NEAR BAGHOUZ: Syrian fighters backed by artillery fire from a US-led coalition battled a fierce extremist fightback Monday as they pushed to retake a last morsel of territory from the Daesh group.
Mushrooming black clouds rose over the embattled extremist holdout in eastern Syria, as missiles and a warplane streaked through the sky.
More than four years after the extremists declared a “caliphate” across large parts of Syria and neighboring Iraq, several offensives have whittled that proto-state down to a tiny holdout.
The Kurdish-led Syrian Democratic Forces (SDF) on Saturday announced the final push to expel hundreds of diehard extremists from that patch on the Iraq border.
The US-led coalition maintained a steady beat of bombings on the last Daesh pocket on Monday after an early morning Daesh counterattack caused several SDF casualties.
“IS launched a counterattack on our forces and we are now responding with rockets, air strikes and direct clashes,” SDF spokesman Mustafa Bali told AFP, using an acronym for Daesh.
The sound of bombs echoed dozens of kilometers (miles) away and columns of dark grey smoke could be seen from SDF territory.
Bali said there were “dozens of SDF hostages held by IS” inside their last foothold, but denied reports of executions.
The Syrian Observatory for Human Rights, a Britain-based monitor, said the alliance of Kurdish and Arab fighters had pressed on Monday morning in the face of tough obstacles.
“The SDF are advancing slowly in what remains of the IS pocket” on the edges of the village of Baghouz, Observatory chief Rami Abdel Rahman said.
But land mines, Daesh snipers, and tunnels the extremists have dug out for their defense are hindering the advance, he said.
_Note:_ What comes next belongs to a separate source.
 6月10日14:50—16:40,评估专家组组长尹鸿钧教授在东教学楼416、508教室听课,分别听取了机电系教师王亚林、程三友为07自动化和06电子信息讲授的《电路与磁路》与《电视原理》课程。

Backed by coalition air strikes, the SDF alliance has been battling to oust the extremists from the eastern province of Deir Ezzor since September.
Since December, tens of thousands of people, most women and children related to Daesh fighters, have fled to SDF territory.
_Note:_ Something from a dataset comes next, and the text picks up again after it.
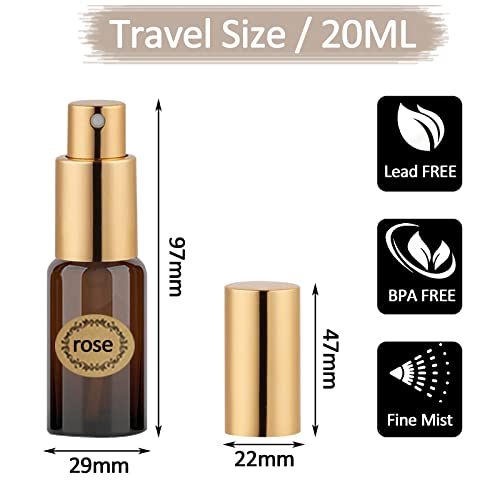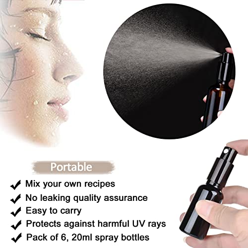 - ❤️ Great Value - Package included 6 sturdy 20ml glass spray bottles, 6 labels and 1 dropper, easy to clean and reuse. Labels help you mark different oils and the dropper help you refill the oils easily. These spray bottles also perfectly matching your creativity and to meet your various needs! Perfect gift option for your vacation companion or family member.

US-backed forces have screened the new arrivals, weeding out potential extremists for questioning.
On Monday, dozens of coalition and SDF fighters were stationed at a screening point for new arrivals from Daesh areas.
Coalition forces stood over about 20 men who were crouching on the ground.
Some 600 people were able to reach SDF territory on Sunday after fleeing the fighting, the Observatory said.
Among them, were 20 suspected IS members, including two French women, seven Turks, and three Ukrainians, said the monitor, which relies on sources inside Syria.
The SDF — which has said it expects the final offensive to be over in days — announced Sunday that it had taken some 40 positions from the extremists following direct combat involving light weapons.
The alliance had earlier said that up to 600 jihadists as well as hundreds of civilians could remain inside a patch four square kilometers (one mile square).
Spokesman Bali said Daesh leader Abu Bakr Al-Baghdadi, the man who pronounced the cross-border “caliphate” in 2014, was not among them, and likely not in Syria.